### Dataset section
####################
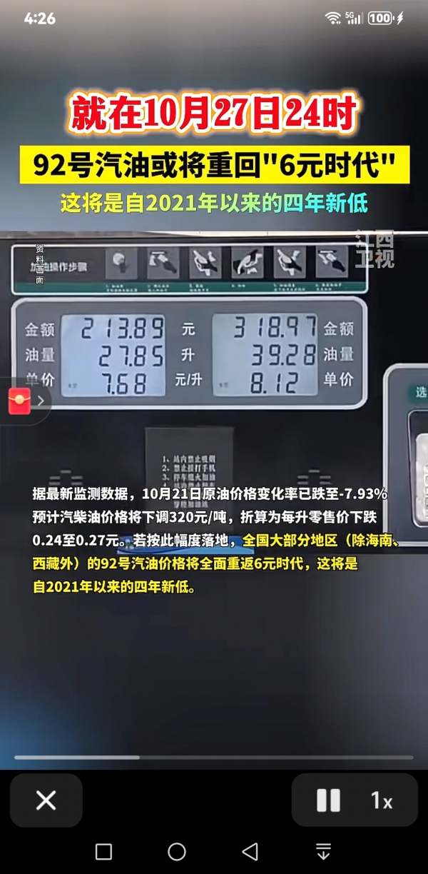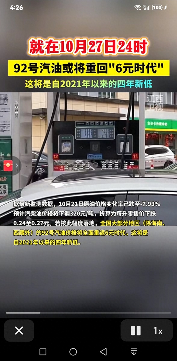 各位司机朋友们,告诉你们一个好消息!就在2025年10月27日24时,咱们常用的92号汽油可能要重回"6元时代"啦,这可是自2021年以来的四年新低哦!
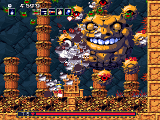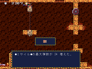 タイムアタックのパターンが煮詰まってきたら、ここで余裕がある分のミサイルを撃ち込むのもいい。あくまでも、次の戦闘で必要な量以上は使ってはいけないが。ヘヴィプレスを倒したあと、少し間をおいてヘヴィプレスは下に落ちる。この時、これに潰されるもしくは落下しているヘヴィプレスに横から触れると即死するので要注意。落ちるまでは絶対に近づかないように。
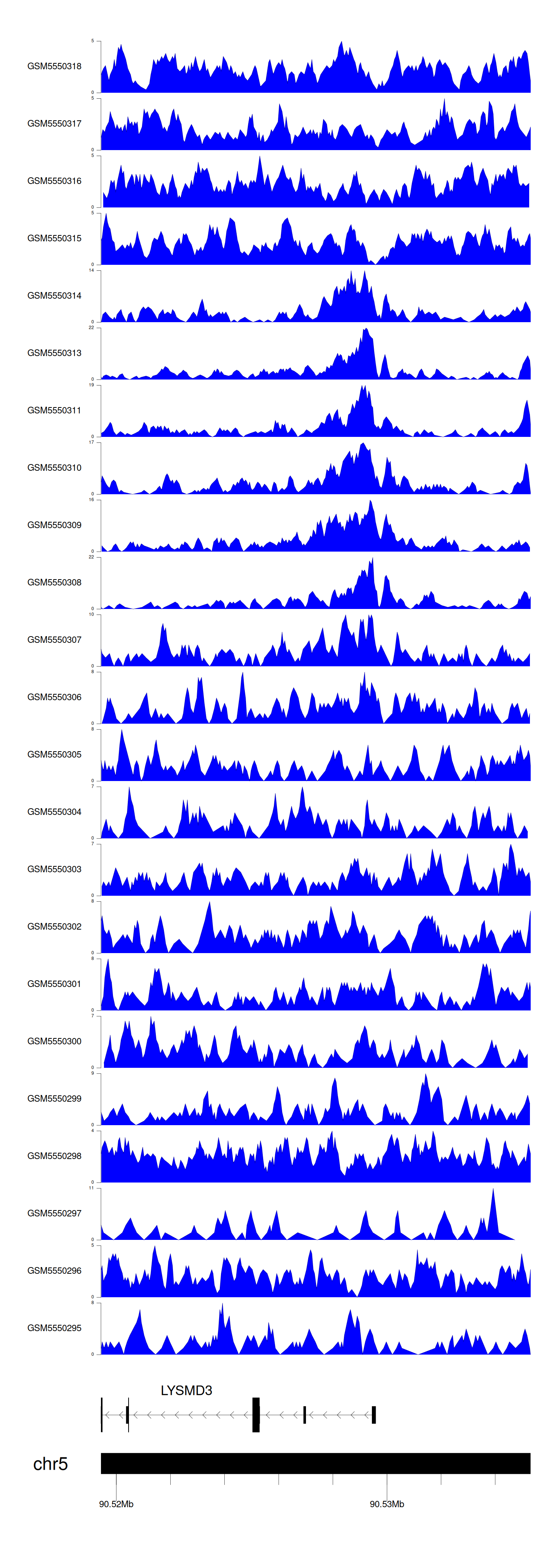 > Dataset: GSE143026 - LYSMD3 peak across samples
####################
### Assignment
What you give back should be exactly the lines from the line holding "タイムアタックのパターンが煮" through the final line of the material, both ends included, and please leave out the pictures.

### Response box
 タイムアタックのパターンが煮詰まってきたら、ここで余裕がある分のミサイルを撃ち込むのもいい。あくまでも、次の戦闘で必要な量以上は使ってはいけないが。ヘヴィプレスを倒したあと、少し間をおいてヘヴィプレスは下に落ちる。この時、これに潰されるもしくは落下しているヘヴィプレスに横から触れると即死するので要注意。落ちるまでは絶対に近づかないように。
 > Dataset: GSE143026 - LYSMD3 peak across samples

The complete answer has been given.